Holographic Space-Time: The Takeaway

TL;DR

This paper introduces holographic space-time (HST), a framework that unifies quantum field theory and string theory, explaining supersymmetry, black holes, and cosmological phenomena through a holographic and geometric approach.

Contribution

It presents a novel holographic formalism that unifies particles and black holes, explains supersymmetry without moduli, and models inflation as an emergent geometric phenomenon.

Findings

HST unifies particles and black holes as excitations of non-commutative variables.

Compact extra dimensions have no moduli and are finite-dimensional representations.
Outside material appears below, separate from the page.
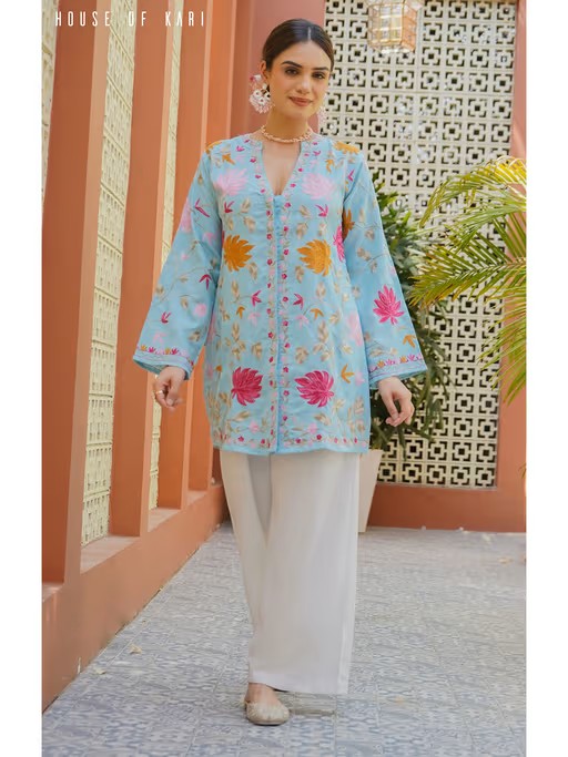 Make a style statement in this blue kurti from HOUSE OF KARI. Crafted from cotton, this stylish kurti features full sleeves and a mandarin neck. Team it with a pair of trousers, heels, and stud earrings.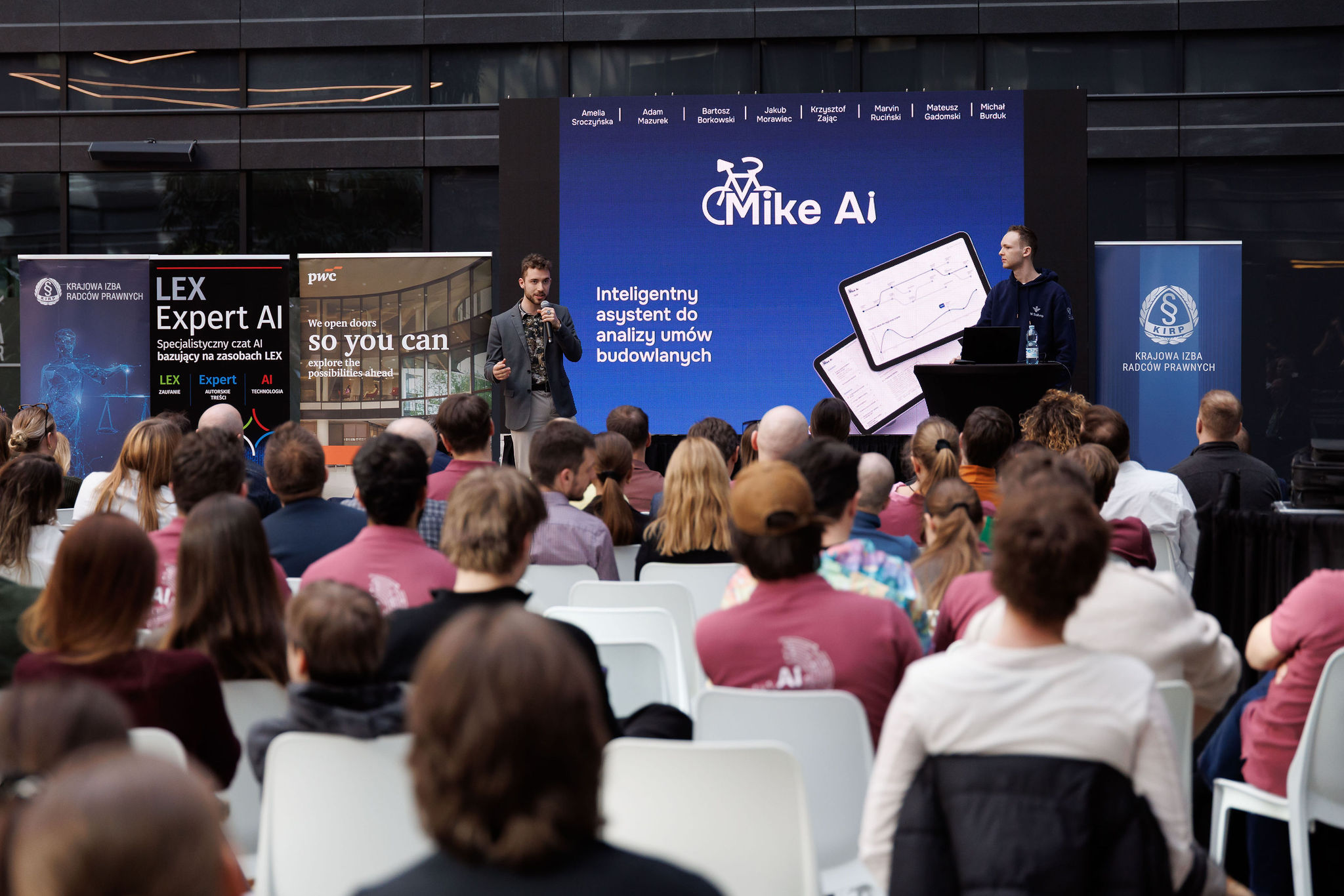 Warto wspomnieć o projektach, które podejmowały wyzwania z zakresu teorii prawa, administracji oraz compliance. Uczestnicy pochylili się nad bardzo aktualnym zagadnieniem odpowiedzialności agentów sztucznej inteligencji – ten temat z pewnością będzie do radców prawnych coraz częściej wracał. Inni zaproponowali usprawnienie procesów administracyjnych w szkolnictwie wyższym w ramach inicjatywy potencjalnie ograniczającej liczbę zadań wykonywanych ręcznie przez „panie z dziekanatów”. W obszarze windykacji i zarządzania płatnościami pojawiła się platforma, której celem jest budowanie zaufania między stronami oraz redukcja barier płatniczych poprzez zapewnienie pełnej interoperacyjności systemów.

Finite radius de Sitter spaces break SUSY with a gravitino mass scaling as Λ^{1/4}.

Abstract

The theory of holographic space-time (HST) generalizes both string theory and quantum field theory. It provides a geometric rationale for supersymmetry (SUSY) and a formalism in which super-Poincare invariance follows from Poincare invariance. HST unifies particles and black holes, realizing both as excitations of non-commutative geometrical variables on a holographic screen. Compact extra dimensions are interpreted as finite dimensional unitary representations of super-algebras, and have no moduli. Full field theoretic Fock spaces, and continuous moduli are both emergent phenomena of super-Poincare invariant limits in which the number of holographic degrees of freedom goes to infinity. Finite radius de Sitter (dS) spaces have no moduli, and break SUSY with a gravitino mass scaling like $\Lambda^{1/4}$. We present a holographic theory of inflation and fluctuations. The inflaton field is an emergent concept, describing the geometry of an underlying HST model, rather than "a field associated with a microscopic string theory". We argue that the phrase in quotes is meaningless in the HST formalism.